I'm writing a wrapper class for C++ types, which allows me to instrument when a wrapped object is constructed, accessed, modified, and destroyed. To make this transparent for the original code, I include implicit conversion functions back to the underlying type, but this fails when a wrapped object is passed directly to a template since implicit conversions aren't evaluated. Here's some code that demonstrates this problem:
#include <utility>
// simplified wrapper class
template <typename T>
class wrap {
T t;
public:
wrap() : t() {}
wrap(const T& _t) : t(_t) {}
wrap(T&& _t) : t(std::move(_t)) {}
constexpr operator T&() { return t; }
constexpr operator const T&() const { return t; }
};
// an example templated function
template <typename T>
bool is_same(const T& t1, const T& t2) { return t1 == t2;}
// second invocation fails due to template substitution failure
bool problem() {
wrap<int> w(5);
return is_same(static_cast<int>(w), 5) && is_same<>(w, 5);
}
I can resolve this manually by performing a static_cast on the wrapped variable at each template call site (as shown in the first invocation), but this doesn't scale well since I'm working with a large code base. Similar questions suggest inlining each template function as a friend function, but this also requires identifying and copying each template, which doesn't scale.
I'd appreciate any advice on how to (1) workaround this conversion problem with templated functions, or (2) otherwise instrument a variable at source-level without this problem.
The fault in this example lies with is_same.
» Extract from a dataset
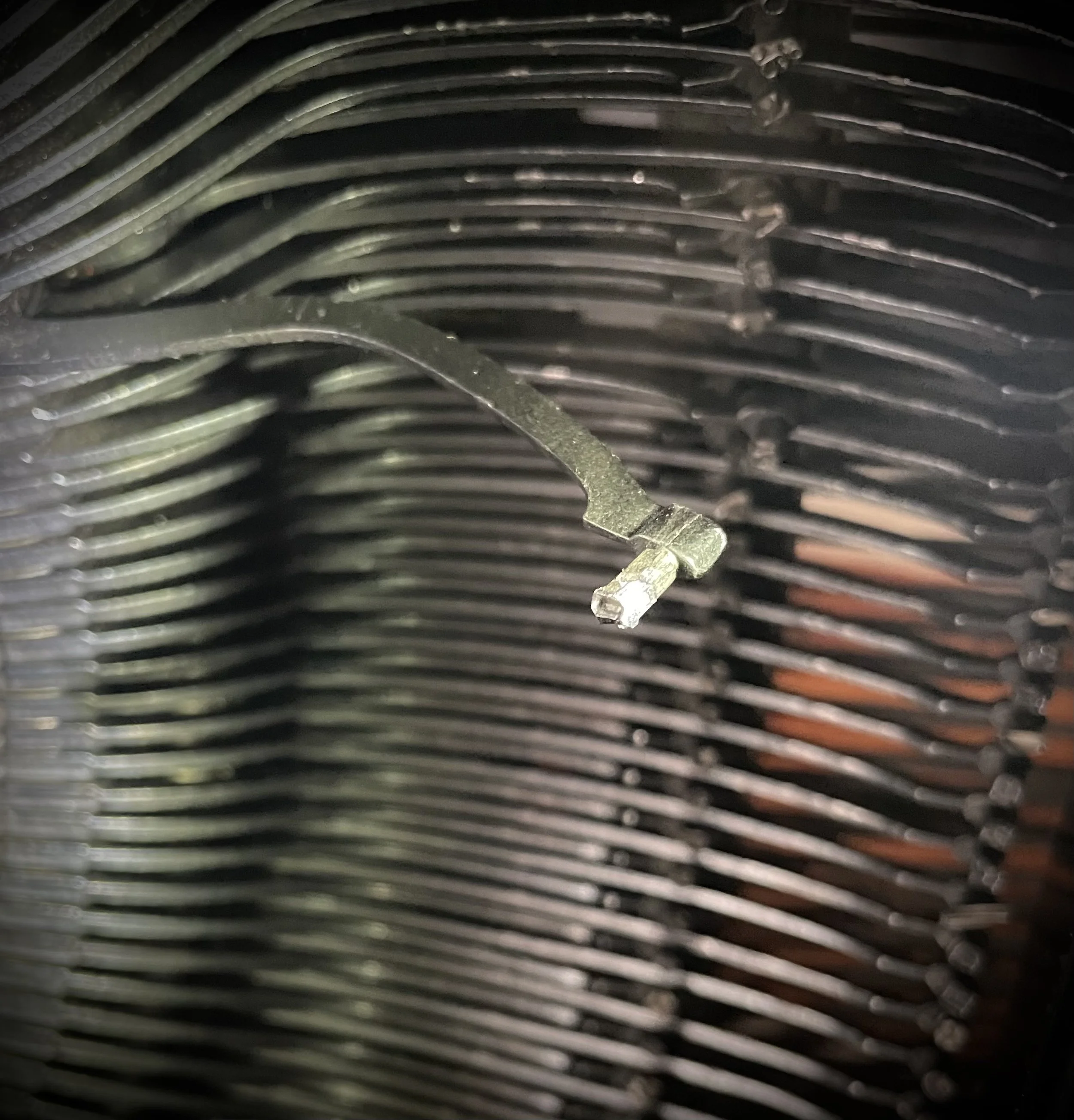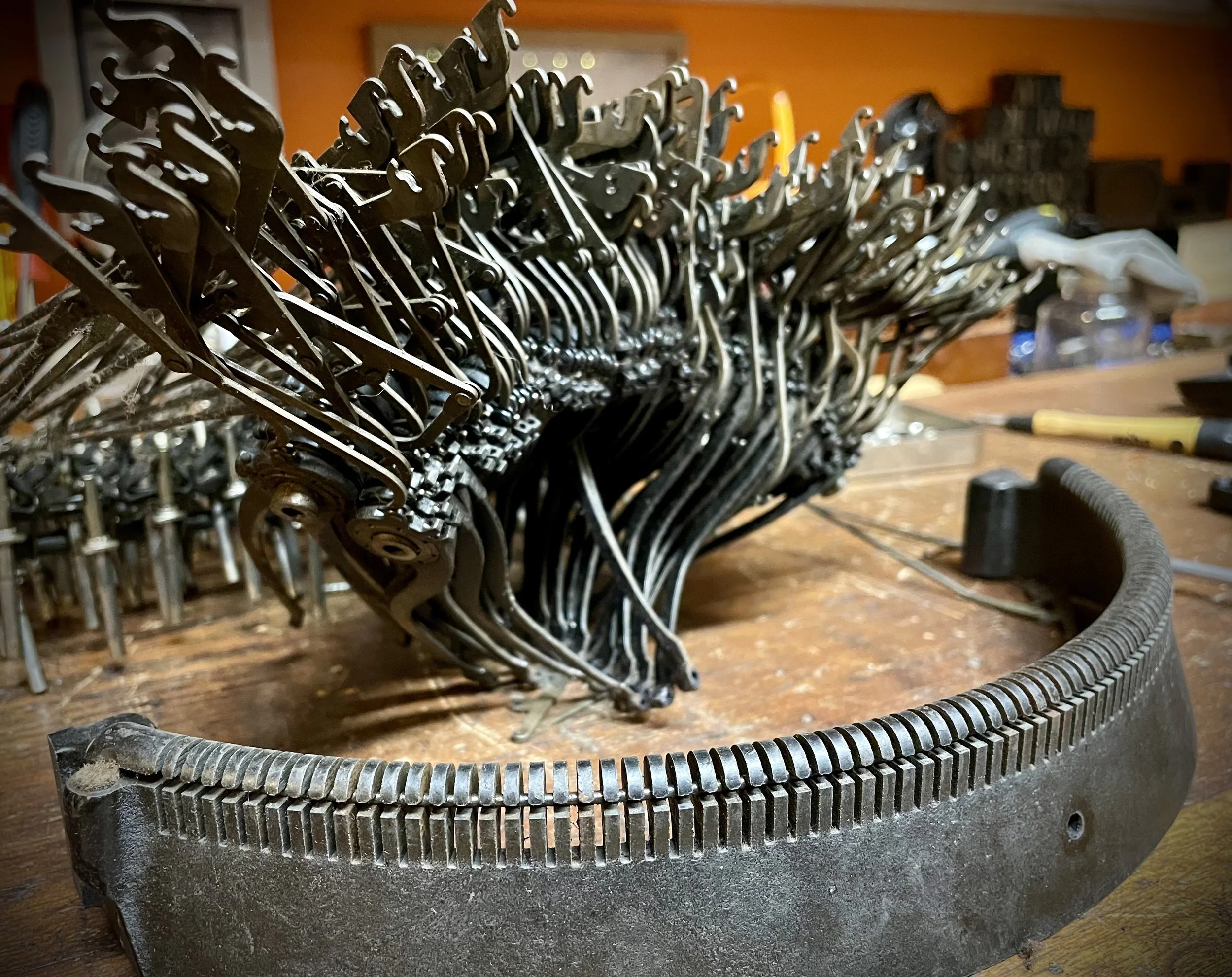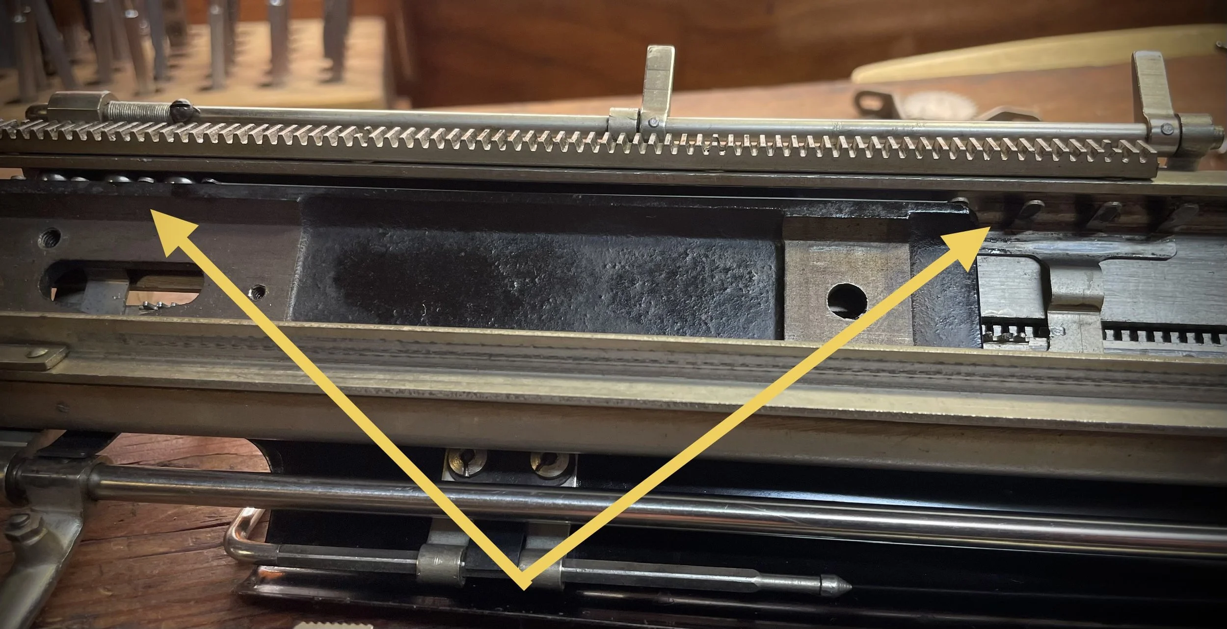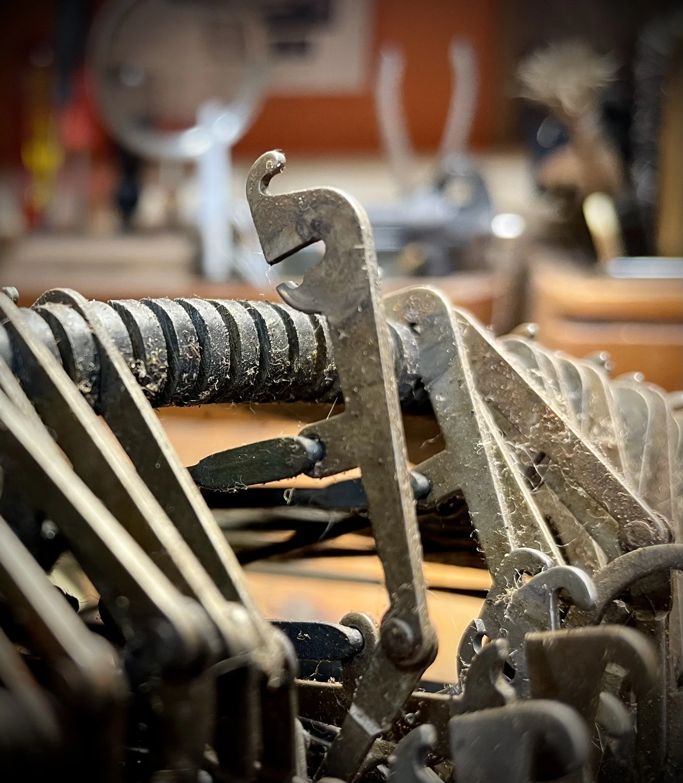 Type arms on this machine are hanged on ball bearings. As there is one sign per slug, and per arm, there are a lot of bearings organized cleverly in two rows.

It declares that it requires two arguments of the same type, which is a requirement it does not need, and fails to require that type to have an ==, which it does need.
Granted, it is common to find C++ that poorly constrains template functions because it is difficult and verbose to do otherwise. Authors take a practical shortcut. That said, isn't the approach to fix the interface of is_same?
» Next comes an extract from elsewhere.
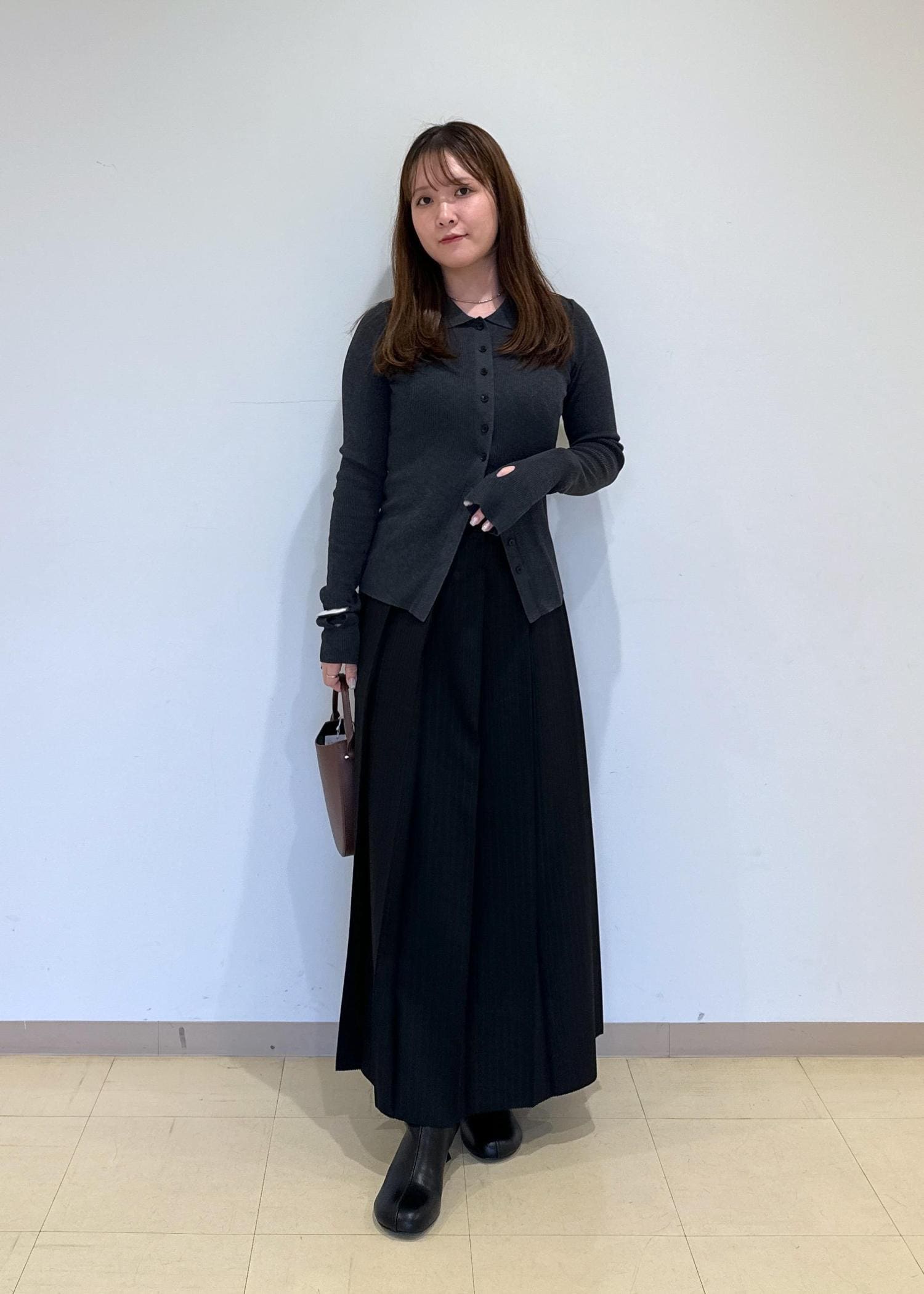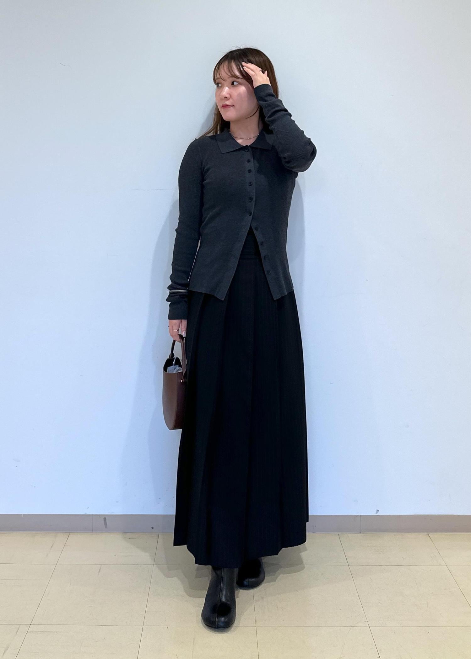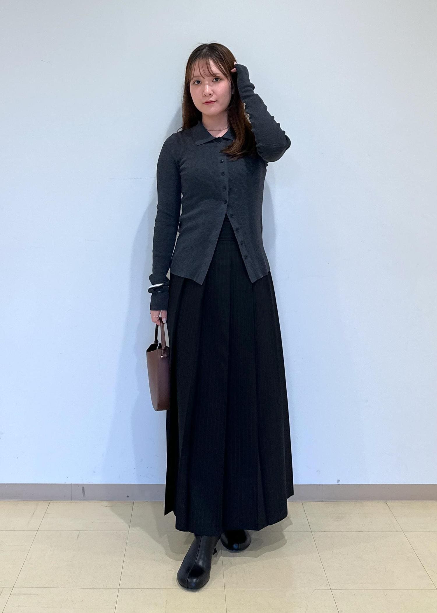 エモエレのフロントプリーツスカートを使った少し大人なコーデです。

// C++17 version. Close to std::equal_to<>::operator().
template <typename T, typename U>
constexpr auto is_same(T&& t, U&& u)
noexcept(noexcept(std::forward<T>(t) == std::forward<U>(u)))
-> decltype(std::forward<T>(t) == std::forward<U>(u))
{
return std::forward<T>(t) == std::forward<U>(u);
}
With a corrected is_same, the code just works.
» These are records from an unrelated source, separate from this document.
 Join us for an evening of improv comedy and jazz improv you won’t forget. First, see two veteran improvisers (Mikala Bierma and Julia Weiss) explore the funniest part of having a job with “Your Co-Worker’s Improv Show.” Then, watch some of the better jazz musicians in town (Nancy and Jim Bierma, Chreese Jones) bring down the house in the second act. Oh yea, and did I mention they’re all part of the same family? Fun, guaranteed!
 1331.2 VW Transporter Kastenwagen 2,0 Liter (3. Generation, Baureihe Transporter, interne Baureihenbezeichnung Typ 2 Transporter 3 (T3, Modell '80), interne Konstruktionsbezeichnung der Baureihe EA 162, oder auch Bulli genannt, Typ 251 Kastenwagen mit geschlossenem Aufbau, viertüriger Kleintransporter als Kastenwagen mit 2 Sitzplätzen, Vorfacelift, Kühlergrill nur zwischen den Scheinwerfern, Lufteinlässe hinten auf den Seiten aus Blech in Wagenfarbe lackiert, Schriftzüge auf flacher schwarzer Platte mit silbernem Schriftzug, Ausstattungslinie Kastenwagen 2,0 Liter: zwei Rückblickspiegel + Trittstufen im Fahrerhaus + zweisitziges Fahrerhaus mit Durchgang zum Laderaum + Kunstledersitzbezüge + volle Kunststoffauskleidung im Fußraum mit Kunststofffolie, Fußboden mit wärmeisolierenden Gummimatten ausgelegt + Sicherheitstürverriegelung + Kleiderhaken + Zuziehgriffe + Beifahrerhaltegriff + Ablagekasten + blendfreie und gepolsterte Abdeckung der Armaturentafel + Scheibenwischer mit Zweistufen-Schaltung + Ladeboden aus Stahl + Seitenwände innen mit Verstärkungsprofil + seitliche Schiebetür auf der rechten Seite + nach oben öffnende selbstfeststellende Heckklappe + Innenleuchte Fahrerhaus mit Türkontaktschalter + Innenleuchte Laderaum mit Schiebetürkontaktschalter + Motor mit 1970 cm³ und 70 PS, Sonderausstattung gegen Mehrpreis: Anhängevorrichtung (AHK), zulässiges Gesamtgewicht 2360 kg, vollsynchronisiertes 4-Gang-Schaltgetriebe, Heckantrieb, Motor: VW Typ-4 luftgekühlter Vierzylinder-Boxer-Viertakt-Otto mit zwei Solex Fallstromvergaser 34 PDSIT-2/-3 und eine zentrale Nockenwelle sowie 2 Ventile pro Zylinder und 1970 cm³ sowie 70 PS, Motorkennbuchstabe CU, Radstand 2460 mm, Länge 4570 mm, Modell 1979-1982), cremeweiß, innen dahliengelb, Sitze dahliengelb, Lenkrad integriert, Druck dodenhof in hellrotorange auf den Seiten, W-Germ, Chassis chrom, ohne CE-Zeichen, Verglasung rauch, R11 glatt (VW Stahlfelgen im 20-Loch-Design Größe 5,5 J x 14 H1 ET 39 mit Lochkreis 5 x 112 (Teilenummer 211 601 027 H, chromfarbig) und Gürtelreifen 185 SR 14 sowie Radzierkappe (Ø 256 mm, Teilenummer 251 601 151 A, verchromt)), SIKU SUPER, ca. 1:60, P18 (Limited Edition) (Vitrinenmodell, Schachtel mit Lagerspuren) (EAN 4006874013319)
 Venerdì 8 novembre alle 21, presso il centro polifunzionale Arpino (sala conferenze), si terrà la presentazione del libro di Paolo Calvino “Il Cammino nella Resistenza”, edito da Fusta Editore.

There are other examples one can imagine which may require two arguments to have the same type. For example, if the return type depends on the argument type and the return value can come from either:
template <typename T>
T& choose(bool choose_left, T& left, T& right) {
return choose_left ? left : right;
}
This is much rarer. But it might actually require thought to decide whether to use the underlying or wrapper type. If you have this enhanced behavior in the wrapper type, and conditionally use a wrapped value or an underlying value, should the underlying value be wrapped to continue to get the enhanced behavior, or do we drop the enhancement? Even if you could make this silently choose one of those two behaviors, would you want to?
However, you can still make it easier to get the value than to say static_cast<T>(...), for example by providing an accessor:
// given wrap<int> w and int i
is_same(w.value(), 5);
choose_left(true, w.value(), i);
I have a few other important comments:
wrap() : t() {}
This requires T be default constructible. = default does the right thing.
wrap(const T& _t) : t(_t) {}
wrap(T&& _t) : t(std::move(_t)) {}
These are not explicit. A T is implicitly convertible to a wrap<T> and vice versa. This does not work well in C++. For example, true ? w : i is not well-formed. This causes std::equality_comparable_with<int, wrap<int>> to be false, which would be a reasonable requirement for is_same. Wrapper types should probably be explicitly constructed, and can be implicitly converted to the underlying type.
constexpr operator T&() { return t; }
constexpr operator const T&() const { return t; }
These are not ref-qualified, so they return lvalue references even if the wrapper is an rvalue. That seems ill-advised.
Finally, construction and conversion only take into account the exact type T. But any place T is used, it might be implicitly converted from some other type. And two conversions are disallowed in C++. So for a wrapper type, one has a decision to make, and that often means allowing construction from anything a T is constructible from.